Key Points
- Circle Internet Group (CRCL) shares tumbled approximately 20% Tuesday following revelations about upcoming stablecoin regulatory measures
- The updated Clarity Act would prohibit platforms from providing yield on stablecoin balances when it functions like a traditional bank deposit
- Coinbase (COIN) — serving as Circle’s key distribution partner — fell more than 10% following the same developments
- The legislation would permit “activity-based rewards” connected to customer loyalty or promotional campaigns, but would exclude interest-equivalent payments
- Regulatory agencies including the SEC, CFTC, and Treasury would receive a one-year mandate to collaboratively establish permissible reward guidelines
Circle Internet Group experienced a significant downturn Tuesday as information regarding a modified Senate cryptocurrency proposal spooked market participants. The upcoming regulatory framework would essentially eliminate stablecoin yield offerings — a characteristic that has emerged as a central attraction for USDC investors.
The legislative proposal under scrutiny is the Clarity Act. According to documents distributed among Blockchain Association members, the measure would forbid platforms from providing yield “directly or indirectly” for maintaining stablecoin positions, or through any mechanism resembling traditional bank deposits.
The proposed limitations would have sweeping implications — encompassing cryptocurrency exchanges, brokerage platforms, and their associated entities. The legislative text prohibits anything “economically or functionally equivalent” to interest compensation, effectively closing loopholes for alternative structures.
Circle serves as the issuer behind USDC, currently the second-largest stablecoin measured by market capitalization. The organization earns income from the reserves supporting USDC, predominantly invested in Treasury securities and reverse repo arrangements.
CRCL shares declined roughly 20% during Tuesday’s session. Given the stock’s recent public market debut earlier this year, this represents among its most dramatic single-session declines.
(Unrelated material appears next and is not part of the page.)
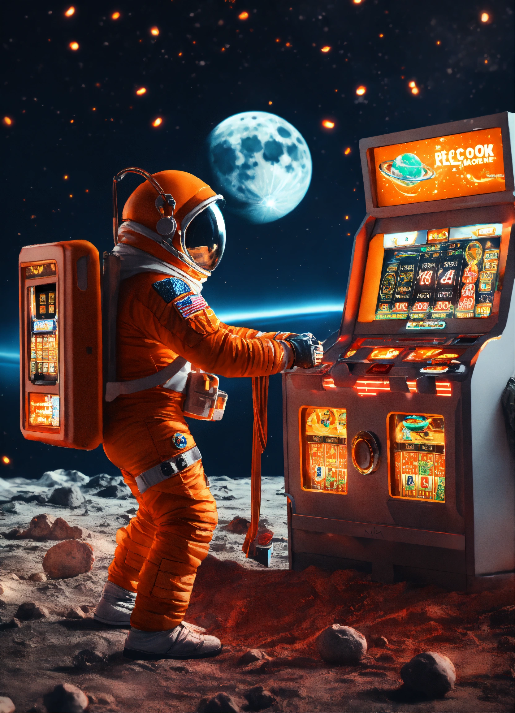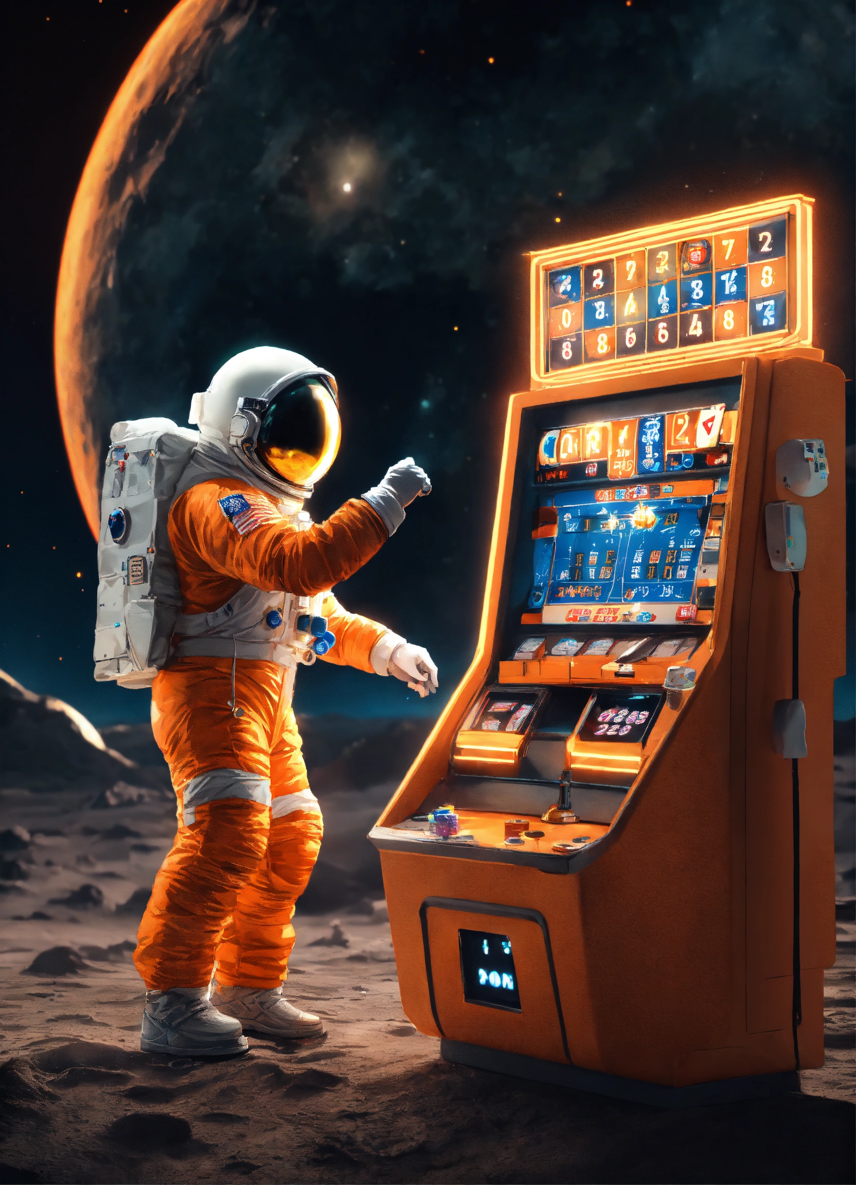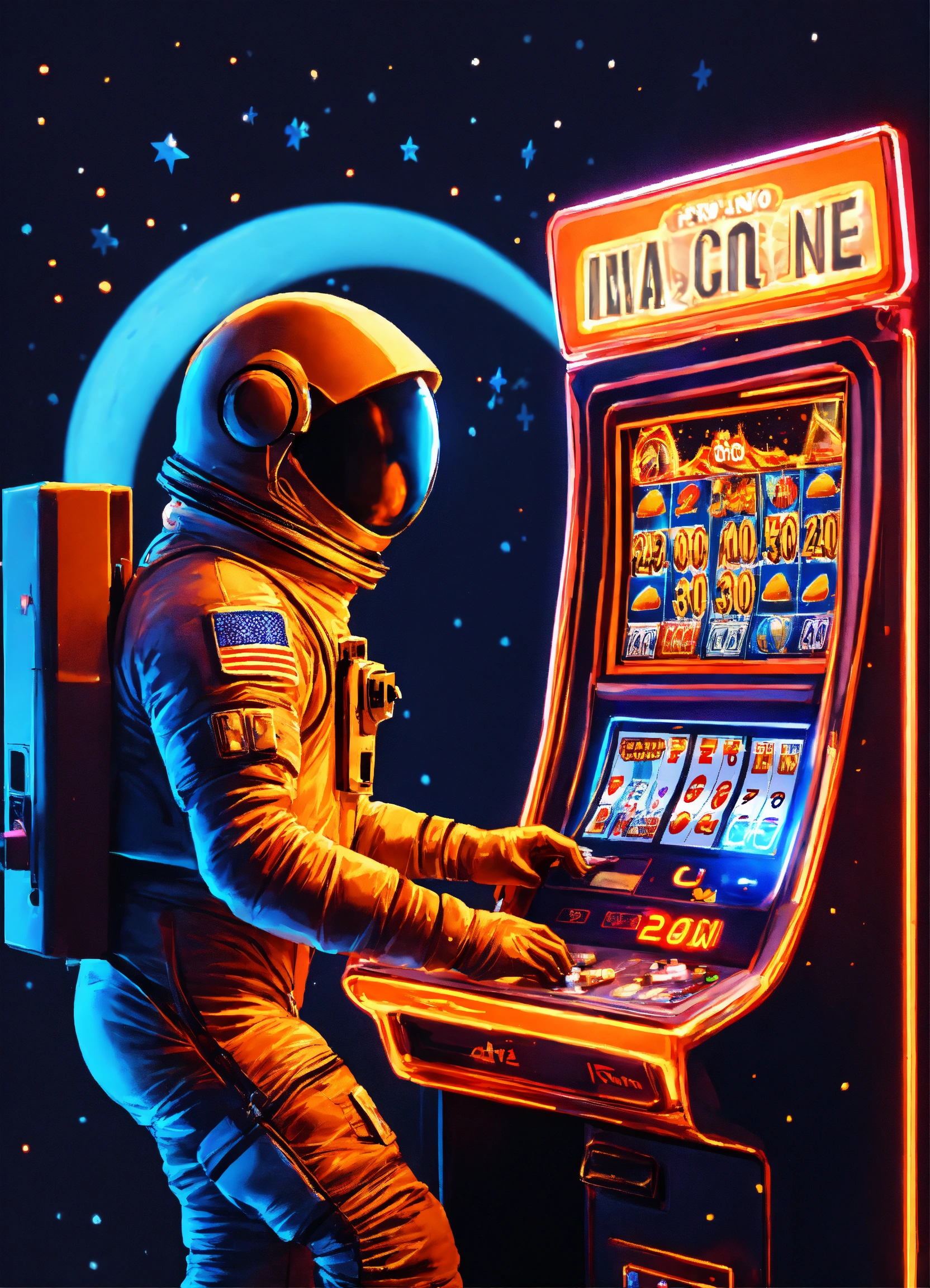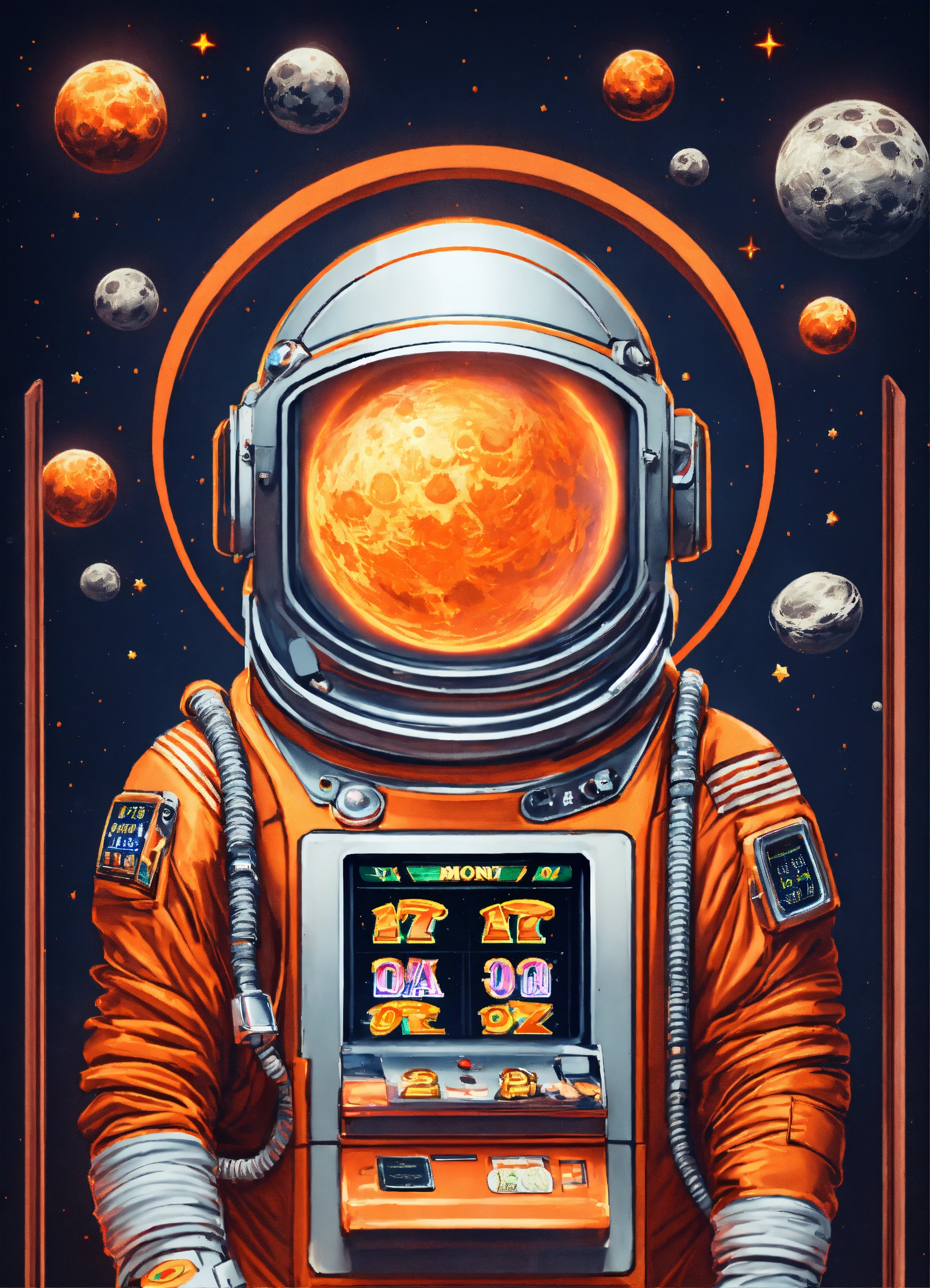 Cute astronaut playing casino slot machine on the moon and win jackpot orange and gray neon 8k

Coinbase Experiences Parallel Decline
Coinbase (COIN) fell over 10% Tuesday. The connection is clear — Coinbase and Circle maintain a revenue-sharing arrangement from USDC reserve earnings, while Coinbase presently provides users with a 3.5% annual percentage yield on USDC deposits.
Should this yield offering face prohibition, it eliminates a primary incentive for everyday users to select USDC over alternative stablecoins or traditional cash instruments.
Coinbase CEO Brian Armstrong previously withdrew his endorsement for an earlier Clarity Act iteration when a yield restriction gained traction with support from banking sector leadership. This fundamental conflict remains unresolved.
Permitted Activities Under the Proposal
The draft legislation doesn’t represent a complete prohibition on stablecoin user incentives. Activity-driven rewards linked to customer engagement — including loyalty initiatives, promotional incentives, or subscription benefits — would remain acceptable, provided they aren’t classified as interest-equivalent compensation.
The proposed framework would task the SEC, CFTC, and Treasury with collaboratively establishing guidelines for acceptable reward mechanisms and implementing anti-circumvention measures within twelve months following enactment.
The Blockchain Association, representing cryptocurrency firms including Circle, has recognized the exemption language but continues seeking additional clarity regarding qualifying activities.
The measure was introduced by Sen. Angela Alsobrooks (D., Md.) and Sen. Thom Tillis (R., N.C.). According to Barron’s, requests for comment were submitted to the Senate Banking Committee and the bill’s sponsors.
The broader digital asset market experienced pressure Tuesday. The selloff affecting CRCL and COIN demonstrates how significantly this regulatory framework could impact business strategies centered on stablecoin growth.
As of Tuesday’s close, Circle had not released an official statement regarding the modified legislation. The Blockchain Association correspondence examined by Barron’s provides the most transparent insight into the bill’s present language.